WHAT YOU NEED TO DO | Every entry must be given again exactly. Include no pictures.

Segment Start: SUPPLIED DATA

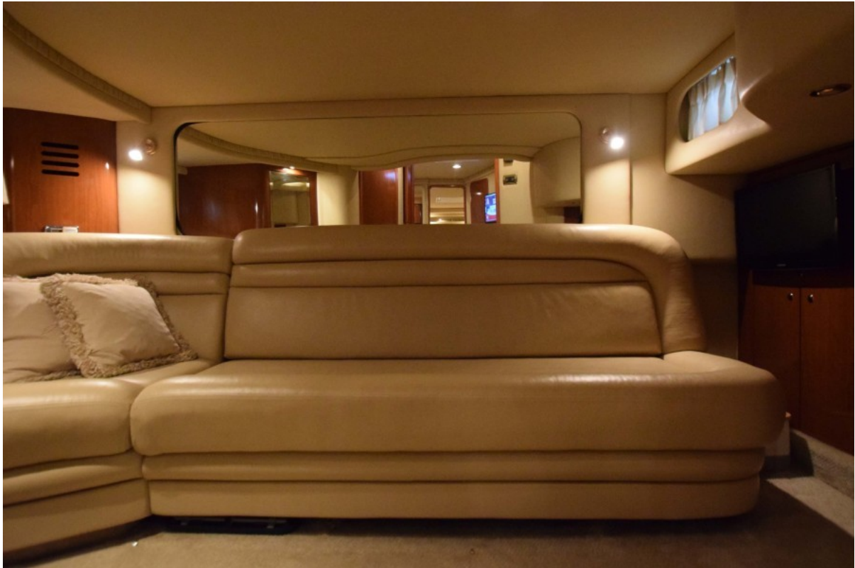
Convertible Couch in Guest Bed
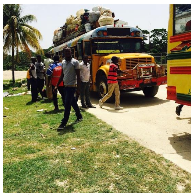
Two of the school buses the delegation encountered at the Belladère border
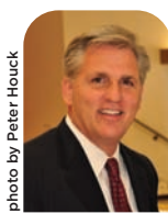
Rep. Kevin McCarthy — House Minority Leader

When midterms roll around, members of the minority party hope voters who are unhappy with the president's policies will cast their ballots for their party's candidates.
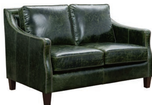
P904-681-1725 Miles Loveseat 57W x 39D x 36H
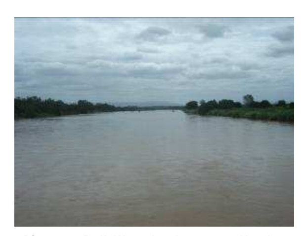
<u>Picture 3:</u> Bulk Water levels at Great Usuthu River
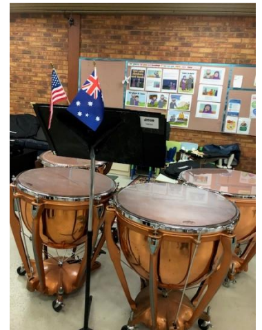
Leaving our mark in Oz

Segment End: SUPPLIED DATA

EXERCISE OUTPUT |
Convertible Couch in Guest Bed
Two of the school buses the delegation encountered at the Belladère border
Rep. Kevin McCarthy — House Minority Leader

When midterms roll around, members of the minority party hope voters who are unhappy with the president's policies will cast their ballots for their party's candidates.
P904-681-1725 Miles Loveseat 57W x 39D x 36H
<u>Picture 3:</u> Bulk Water levels at Great Usuthu River
Leaving our mark in Oz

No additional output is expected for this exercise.